2. Is your baby enrolled in the EFMP Program? The packet is being submitted as we speak!!
3 Is she enrolled in the TRICARE ECHO Program? Not sure what the TRICARE ECHO program is, but she is enrolled in TRICARE Prime.
4 Are you E-5 or lower and can your family qualify for SSI disability for your child based on income and resources? No, my husband is E-6 with 11 years of active duty service.
5 Have you gone to the EFMP specialist at the MTF or ACS and told them that the services are not available in Germany where you are, and you would like to look into requesting a compassionate reassignment? I believe my husband did. She told them that there is aren't any services that we need available to us. But she's not the one who approves the EFMP right? They are just there to give you information?
I'm very afraid that it will be denied and our daughter will be without the professional help and therapy that she needs. Thank you again for all your help on this matter.
Hello again: I hope you are fine.

1. Chain of Command
2. Good!
3. TRICARE ECHO means "Extended Care Health Option" available only to active duty EFMP family members under one of three conditions. (See www.tricare.osd.mil and then link on ECHO)
Your child's condition possibly qualifies under " a serious physical disability". There is a cost to the family of an E-6 - $30.00 per month. There are extensive benefits available under ECHO for a disabled/handicapped family member. I encourage you to go to the tricare website to check them out. Many, many EFMP families are enrolled in ECHO. I would also call the EFMP specialist at the MFT or ACS to ask them if your child would benefit from ECHO. (The Army is now hiring and has openings, for military spouses too, for GS EFMP Program Navigators, who lead EFMP families through the maze of programs and services available to families that they might not know about. Great idea!)
4. Call Military One Source from the states at 1-800-342-9647, 24/7. From Germany, you call this same number, 24/7, collect, and they have Master degreed social workers who specialize in Special Needs Family Members services. I just ordered some materials for another spouse and child from them.
5. It is my understanding that your hubby has to find a slot where this place is that you think will have the adequate medical services available in CONUS. Your hubby's chain of command will know how he is to start the process to request a compassionate reassignment. It is a function of S-1, Military Personnel. Normally, not in all cases, but from what I have seen, it is not automatic. The NCO's/soldiers on here and FRG Leaders and other family members can answer you better based on their personal experiences.
6. In ACS we are very empathetic but we are a Commander's program. Your best bet would be to work very, very closely with the EFMP Department at the Medical Treatment Facility on your request, and whatever your hubby finds out at work! There are forms to complete.
7. There is an organization that supports military EFMP families 100% and they are hooked up on many forts and bases. They are called STOMP. Google them and find some points of contact for you - they will offer you support as you go through this process.

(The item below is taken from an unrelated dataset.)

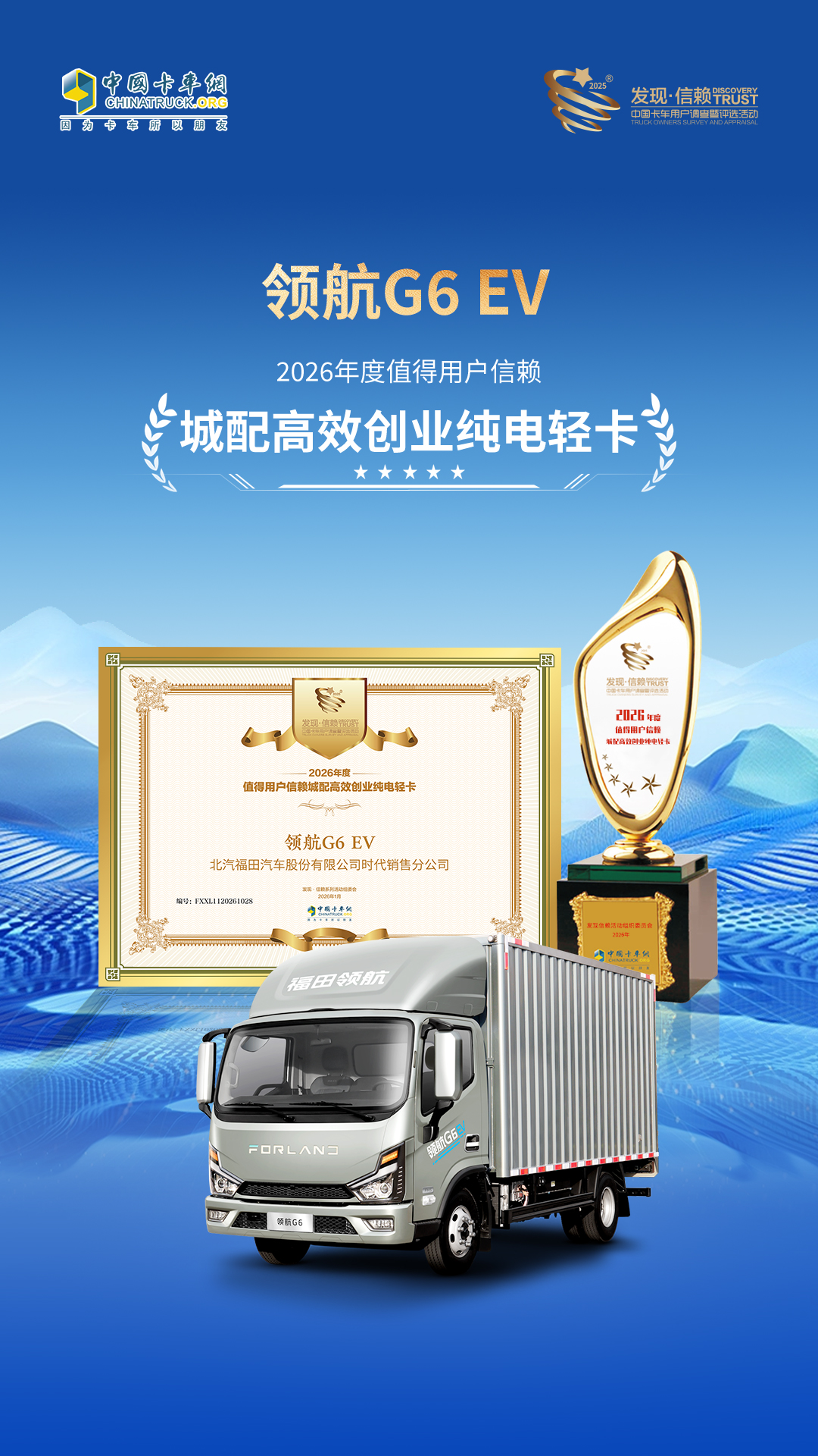 2026年1月22日,中国卡车网主办的第十一届发现信赖中国卡车用户调查暨评选活动在北京举行。领航G6 EV凭借对城配创业者“续航无焦虑、承载够可靠、运营成本低、驾乘够舒适”核心需求的深度契合,在众多车型中脱颖而出,成功摘得“2026年度值得用户信赖 城配高效创业纯电轻卡”奖项。

I, and all ACS folks are just happy that the Army is now hiring more people to help our EFMP families. Best wishes to you always!
GS Girl...
Thank you very much for all your feedback and help on my matter at hand!!! I REALLY appreciate your time and concern! It's not everyday that you come across people who are willing to help and be patient!!

I got in contact with our EFMP contact lady this morning! All she's waiting for our EFMP application (which is on it's way)!! I hope it get's approved and our little girl gets the professional help and treatment that she needs!!!